Four Engineering Students Receive Research Grants
February 26, 2019
BATON ROUGE, LA – The LSU Discover Undergraduate Research Program recently selected four LSU Engineering students as Spring 2019 Research Grant recipients.
LSU Biological Engineering senior Meggie Lam of Houma, La., is researching collagen regulation of estrogen signaling in breast cancer to determine how estrogen changes collagen and vice versa. Lam is working alongside LSU Biological and Agricultural Engineering Assistant Professor Elizabeth Martin.
“Dr. Martin has helped me tremendously in not only my research, but guiding me into knowing what I would like to do with my future after my undergraduate (career),” Lam said. “What I enjoy most about research is that every day, I am learning something new, which allows me to better myself and help others around me.

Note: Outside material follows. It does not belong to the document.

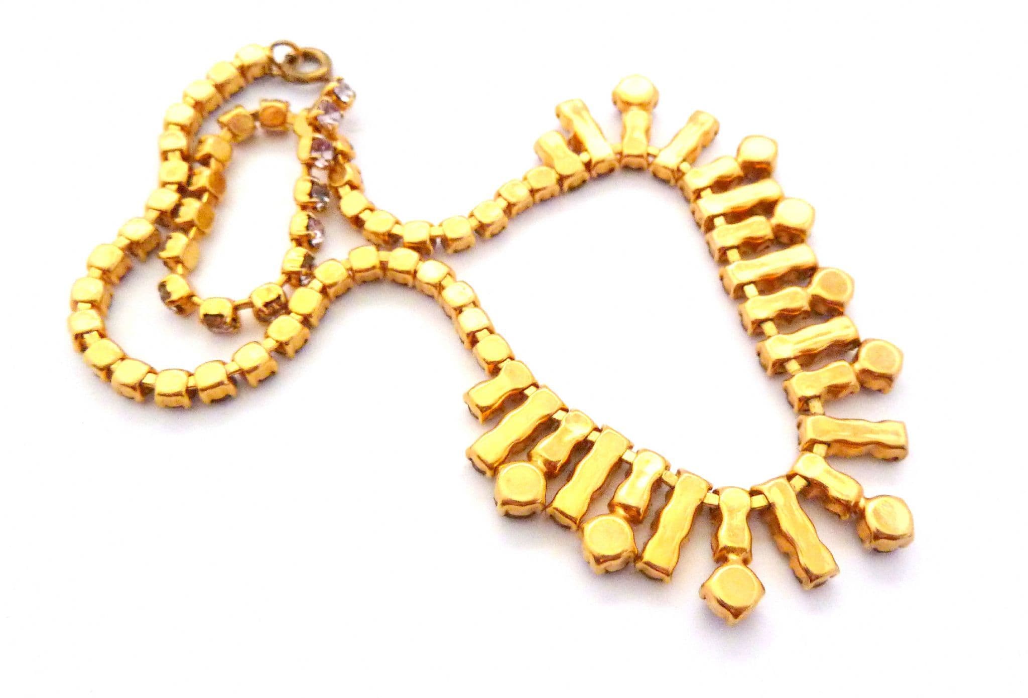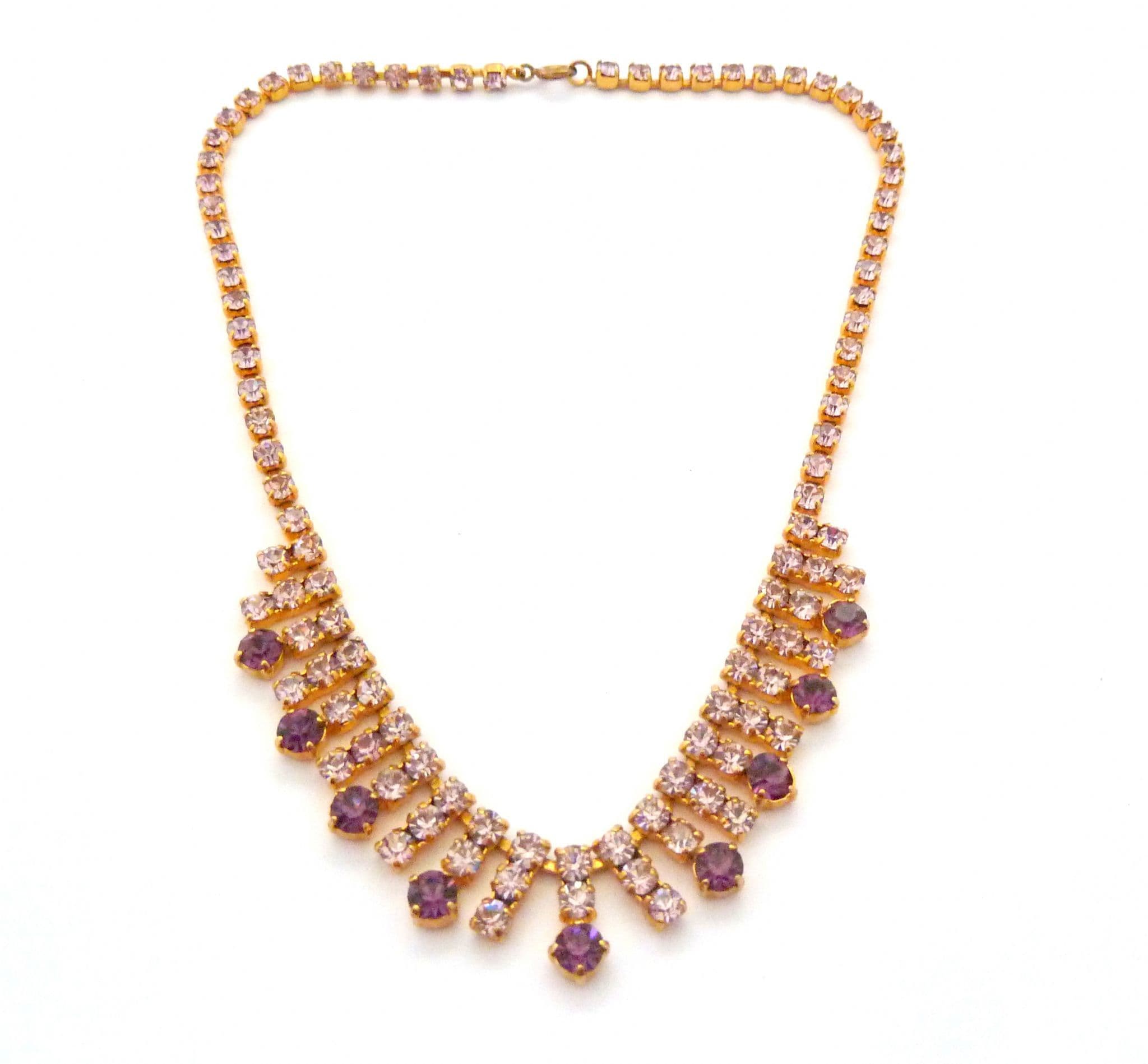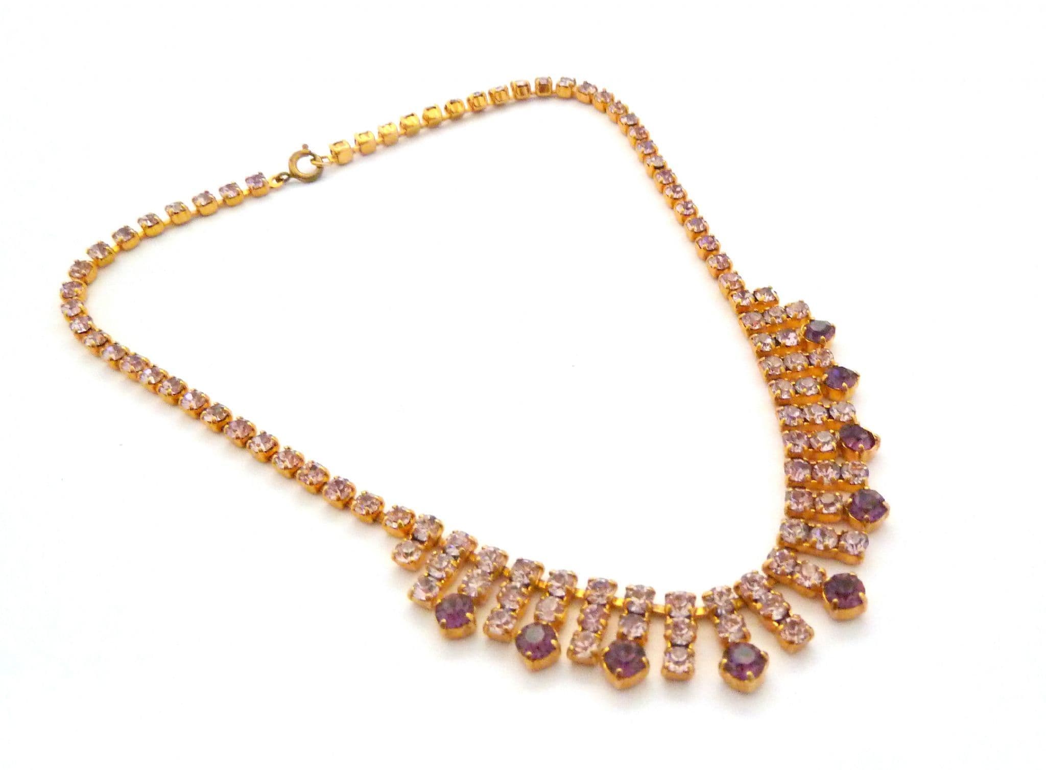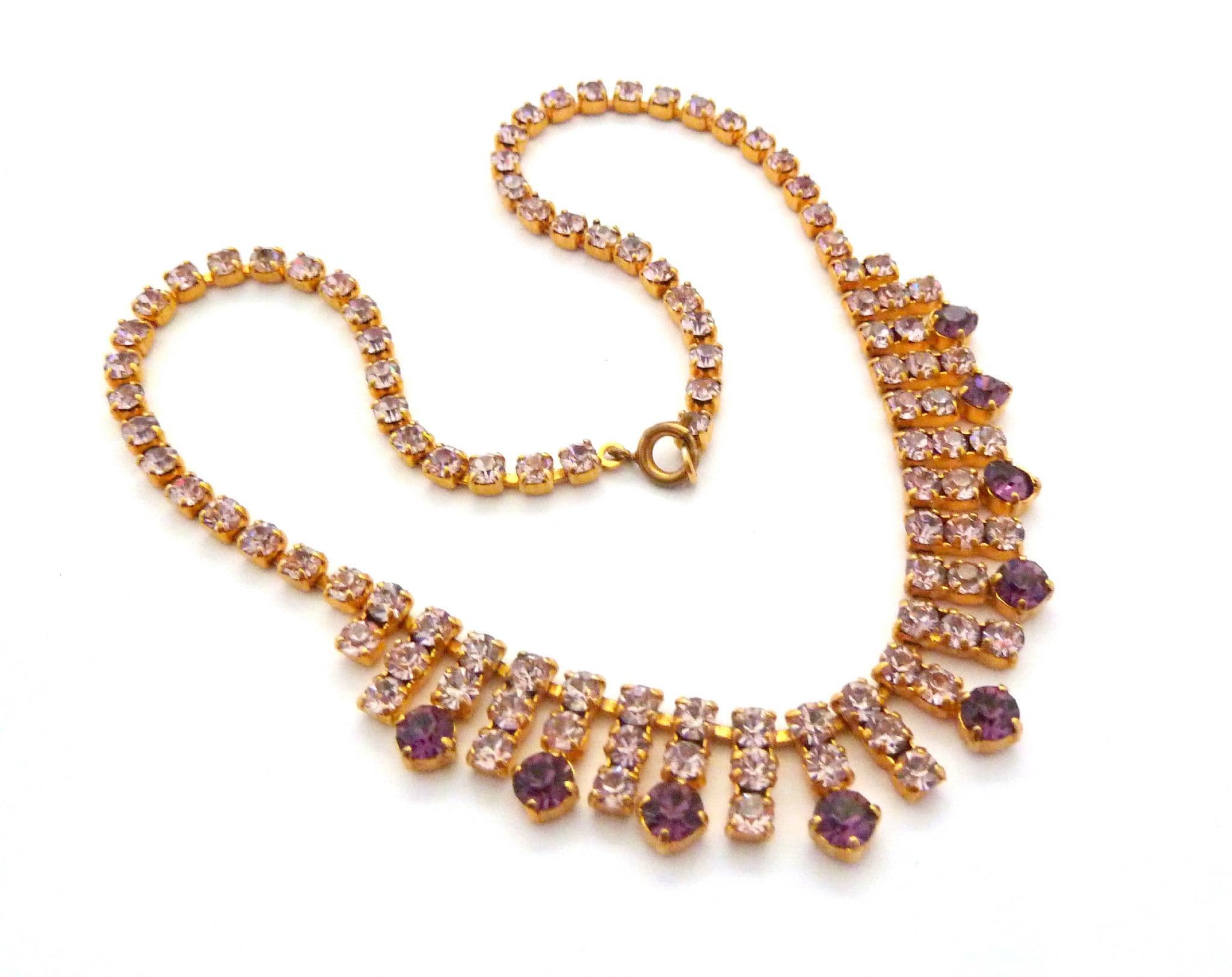 Lilac and Amethyst purple rhinestones adorn the complete length of this lovely necklace , featuring a short rhinestone fringe at the front 11cm. Necklace measures approx 39.5cms in length and is fastened with a spring ring clasp.

I hope that my research can give us a better understanding of how breast cancer behaves.”
Lam plans to attend graduate school in the fall.
LSU Biological Engineering senior Timothy King of Opelousas, La., is also working under Martin, conducting research centered around chemotherapy’s regulatory effects on the stromal environment. He is studying how the tumor microenvironment promotes resistance to chemotherapy. His project involves analyzing lean and obese cells from young and older donors, treating them with the chemotherapy drug Taxol, and determining its effects.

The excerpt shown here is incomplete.